Published on 12:00 AM, October 03, 2015

Big banks face suits for alleged US bonds rigging

More than 20 lawsuits have been filed in the United States accusing large banks of rigging the US Treasury bond market in a similar fashion to other recent collusion cases.

Plaintiffs charge that large banks collaborated to depress the price of bonds in the $12.7 trillion US Treasury market when they were offered by the US government and then sold the bonds at a higher price in the secondary market.

The alleged conspiracy by the banks, who are designated by the US Treasury Department as "primary dealers" in bond auctions, lifted the government's cost of issuing bonds by increasing yields.

In a suit filed in August, the Cleveland Bakers and Teamsters Pension Fund and other plaintiffs that bought bonds point to quantitative analysis of bond transactions between 2007 and 2015 in the primary and secondary bond market.

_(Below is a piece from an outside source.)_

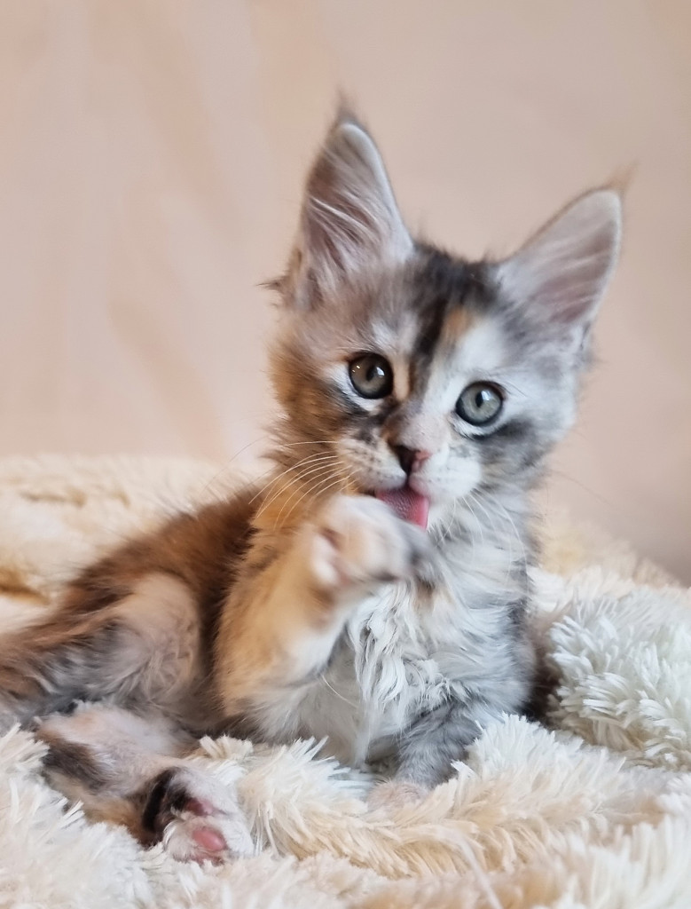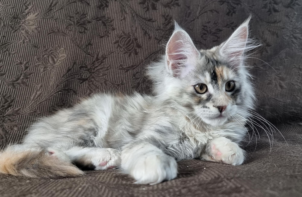 Это светлая, серебристая кошечка с нежной и изящной шерстью. Ее внешность очаровательна и мягка на вид, она словно маленькое серебряное сокровище. Активная и энергичная, она любит играть и исследовать окружающий мир, наполняя дом радостью и весельем. Ее веселый характер и игривость делают её отличным компаньоном для всей семьи. Эта кошечка полна жизни, ласковая и очень дружелюбная.

"Instead of competing with each other at arms' length, the Defendants... conspired artificially to drive up the yield of Treasuries (and correspondingly to drive down the prices of those Treasuries)," the complaint said.

"Defendants then turned around and sold the Treasuries at higher prices (and correspondingly lower yields) in the secondary market, reaping substantial profits."

The data showed yields in the primary market were "inflated" in 69 percent of auctions, according to the complaint.

"This repeated bias cannot be explained as a result of random chance; instead the only plausible explanation is that Defendants coordinated artificially."